[Data shown Boundary: Start]
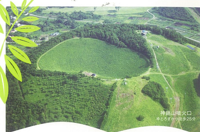
神鍋山噴火口 ゆとろぎから徒歩25分
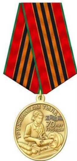
МЕДАЛЬ ТРУЖЕНИК ТЫЛА
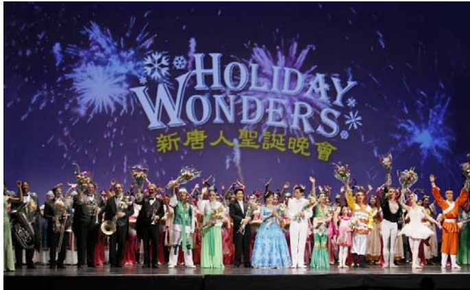
新唐人圣诞晚会 18 日首演于纽约百老汇碧肯剧院，演出反响热烈，演员谢幕。

这台溶合东西方经典文化艺术的国际一流演出，意境深远的构思，美妙轻盈的中国古典舞，纯净华美的音乐，响彻云霄的歌声，壮观生动的天幕，都在演绎着纯真、纯善、纯美的神传文化，释放着无限慈悲的能量，震撼着每一个人的心灵。演出结束后，好评如潮。
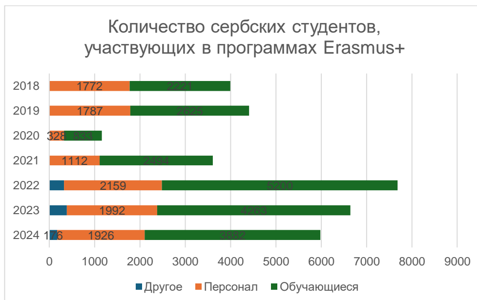
Рисунок 1 258 .

Безусловно, на снижение уровня безработицы влияет большое количество факторов, однако общий уровень образования населения закладывает основу для коренных изменений в обществе, поэтому его можно рассматривать в качестве одного из главных.
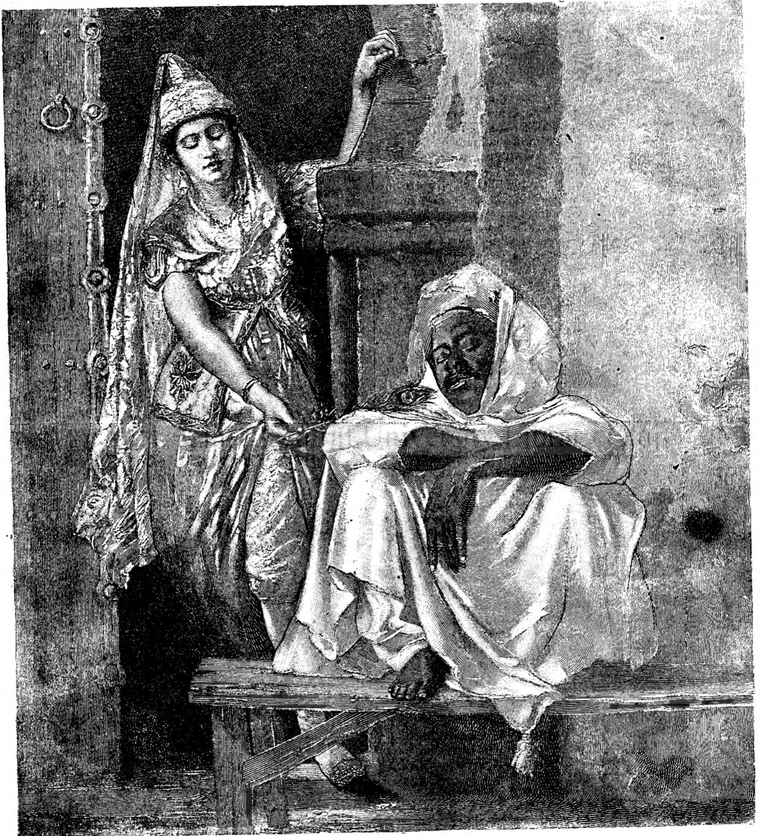
O scenă din Harem.
[Data shown Boundary: End]
About this task:
Copy out the material word for word, without any images.

Response:
神鍋山噴火口 ゆとろぎから徒歩25分
МЕДАЛЬ ТРУЖЕНИК ТЫЛА
新唐人圣诞晚会 18 日首演于纽约百老汇碧肯剧院，演出反响热烈，演员谢幕。

这台溶合东西方经典文化艺术的国际一流演出，意境深远的构思，美妙轻盈的中国古典舞，纯净华美的音乐，响彻云霄的歌声，壮观生动的天幕，都在演绎着纯真、纯善、纯美的神传文化，释放着无限慈悲的能量，震撼着每一个人的心灵。演出结束后，好评如潮。
Рисунок 1 258 .

Безусловно, на снижение уровня безработицы влияет большое количество факторов, однако общий уровень образования населения закладывает основу для коренных изменений в обществе, поэтому его можно рассматривать в качестве одного из главных.
O scenă din Harem.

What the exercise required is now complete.